WASHINGTON – A federal appeals court ordered a new sentencing hearing Friday for an Arizona death row inmate convicted in the 1991 Valley murders of two people during the course of a burglary spree.
A panel of the 9th U.S. Circuit Court of Appeals ruled that the Arizona Supreme Court did not properly weigh mitigating factors when it upheld Charles Hedlund’s death sentence for the murders of Jim McClain and Christene Mertens.
The court rejected a slew of other challenges raised by Hedlund, who was convicted with James McKinney in the deaths of McClain, who was shot in the back of the head while sleeping, and Mertens, who was beaten, stabbed and shot.
McKinney – Hedlund’s half-brother – had his death sentence overturned by the same court in December using the same arguments about mitigating factors, a ruling that figured heavily in Friday’s decision.
Hedlund’s attorney, Paula Harms, said she was “very pleased” with the decision reversing Hedlund’s “unconstitutional death sentence.”
“After his brother obtained release on the same issue in December, it is really only fair and logical that Mr. Hedlund received the same results,” Harms said.
The Arizona Attorney General’s Office said through a spokeswoman that it could not comment on the case.
Court documents said McKinney and Hedlund were plotting a string of burglaries when, in early 1991, McKinney “boasted that he would kill anyone who happened to be home during a burglary” and Hedlund said “anyone he found would be beaten in the head.”
Accomplices directed them to Mertens’ home, where they said McKinney and Hedlund would find large amounts of cash. Hedlund and McKinney broke into Mertens’ house on Feb. 28, 1991, but were scared away when she returned home early.
The two committed other burglaries over the next several days before returning to Mertens’ home March 9, when she was home alone. This time, they beat and stabbed Mertens and eventually shot her in the back of the head, before making off with $120 from her house.
On March 22, the two climbed through an open window in McClain’s house, where they shot the sleeping 65-year-old in the back of the head with Hedlund’s sawed-off rifle. They stole a pocket watch, three handguns and McClain’s car, according to court documents.

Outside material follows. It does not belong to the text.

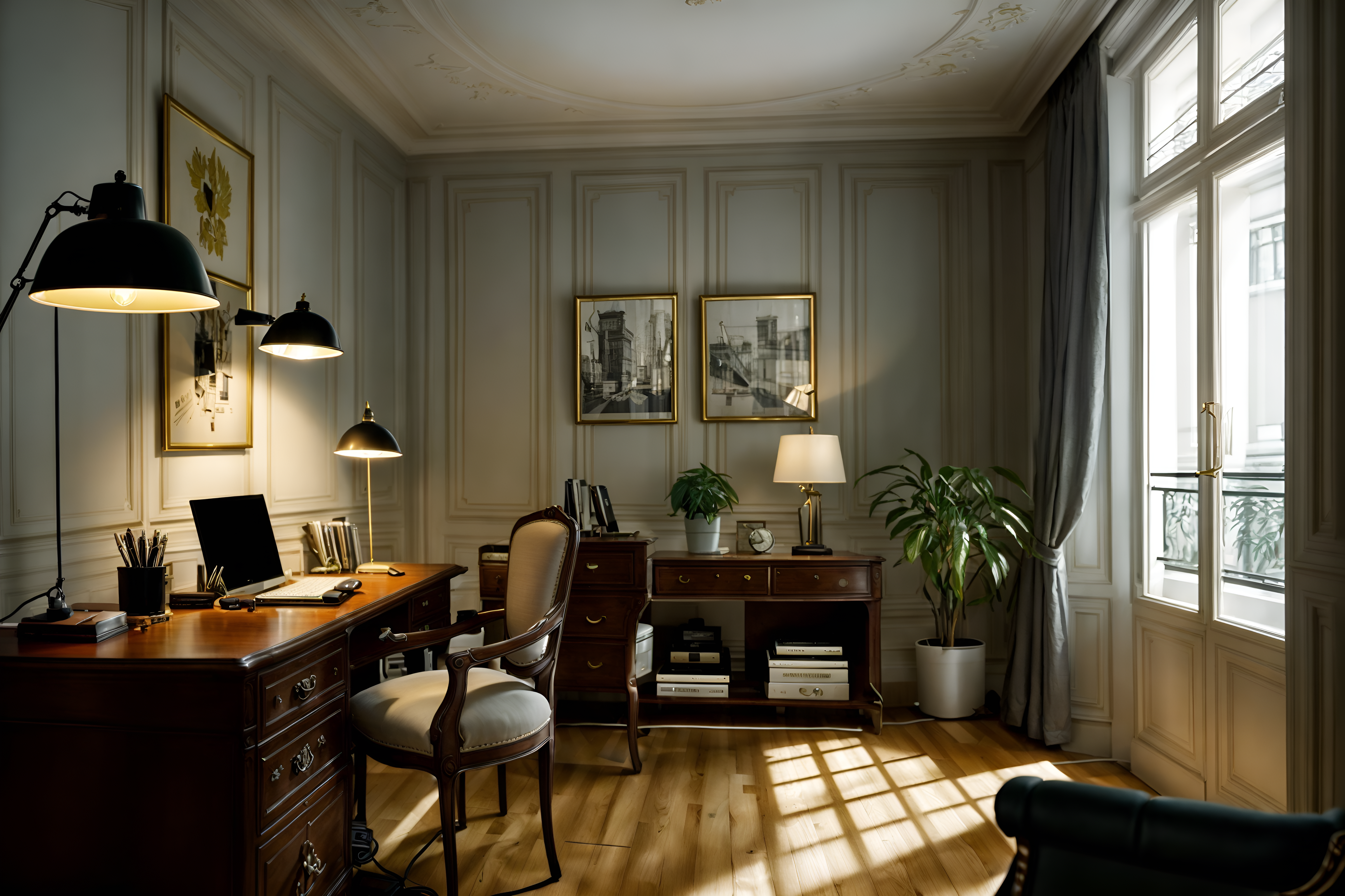 photo from pinterest of parisian-style interior designed (home office interior) with desk lamp and cabinets and office chair and computer desk and plant and desk lamp cinematic photo, highly detailed, cinematic lighting, ultra-detailed, ultrarealistic, photorealism, 8k. trending on pinterest. parisian interior design style. masterpiece, cinematic light, ultrarealistic+, photorealistic+, 8k, raw photo, realistic, sharp focus on eyes, (symmetrical eyes), (intact eyes), hyperrealistic, highest quality, best quality, , highly detailed, masterpiece, best quality, extremely detailed 8k wallpaper, masterpiece, best quality, ultra-detailed, best shadow, detailed background, detailed face, detailed eyes, high contrast, best illumination, detailed face, dulux, caustic, dynamic angle, detailed glow. dramatic lighting. highly detailed, insanely detailed hair, symmetrical, intricate details, professionally retouched, 8k high definition. strong bokeh. award winning photo.

After their arrests, the two were each indicted on two counts of first-degree murder and four other counts related to the robberies, according to court documents. They were tried together, but before separate juries, in the same courtroom where both men wore leg shackles after a report that they might try to escape.

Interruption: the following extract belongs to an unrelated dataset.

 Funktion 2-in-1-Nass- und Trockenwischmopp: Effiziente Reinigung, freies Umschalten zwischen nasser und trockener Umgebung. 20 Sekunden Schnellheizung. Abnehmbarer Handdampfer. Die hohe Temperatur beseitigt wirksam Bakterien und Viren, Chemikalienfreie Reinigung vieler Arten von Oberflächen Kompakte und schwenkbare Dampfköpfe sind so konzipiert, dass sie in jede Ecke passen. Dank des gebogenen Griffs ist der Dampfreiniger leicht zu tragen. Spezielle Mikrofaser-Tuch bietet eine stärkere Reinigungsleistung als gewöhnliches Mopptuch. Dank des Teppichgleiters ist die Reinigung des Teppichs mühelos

Defense attorneys objected to the dual juries and to the shackles, which they charged would bias the jury. Hedlund’s trial attorney also tried to get the judge to recuse himself, claiming Hedlund felt the judge was biased against him. And they tried to remove a juror who learned she was a distant relative of McClain.
All those objections were rejected, and the two were found guilty on Nov. 12, 1992, with Hedlund convicted of the first-degree of McClain and second-degree murder of Mertens. Both men were later sentenced to death.
At sentencing, Hedlund argued that a history of childhood abuse, alcoholism, post-traumatic stress disorder, a low IQ and other factors mitigated against imposition of the death penalty. But the trial judge imposed a death sentence.
That sentence was upheld by the Arizona Supreme Court, which rejected arguments that the trial judge had unconstitutionally failed to consider the mitigating factors because there was no causal link between them and the actual crime.
But the appeals court panel disagreed Friday, citing the full circuit court’s decision to reverse McKinney’s sentence.
“Because we are bound by our court’s decision in McKinney, we follow its conclusion that the Arizona Supreme Court applied the unconstitutional causal nexus test in affirming Hedlund’s sentence,” Judge N. Randy Smith wrote for the court.
Harms said the rulings in Hedlund’s and McKinney’s cases recognize that Arizona courts had long required that mitigating factors must be connected to the crime to be considered, a practice ruled unconstitutional by the U.S. Supreme Court.
In a partial dissent, Judge Kim Wardlaw said she would have upheld Hedlund’s challenge to his being shackled during trial, and would have agreed with his claim that he had ineffective counsel during his plea process and sentencing.
In a grudging concurrence, Judge Carlos Bea said he disagreed with the McKinney ruling but his hands were tied, since the full 9th Circuit had already ruled that McKinney deserved a resentencing.
“My agreement on this point should not be construed as a concession that McKinney was correctly decided. It was not,” Bea wrote. “But, I recognize that, as a three-judge panel, we are bound to follow McKinney until it is overruled by the Supreme Court or a future en banc panel of our court.”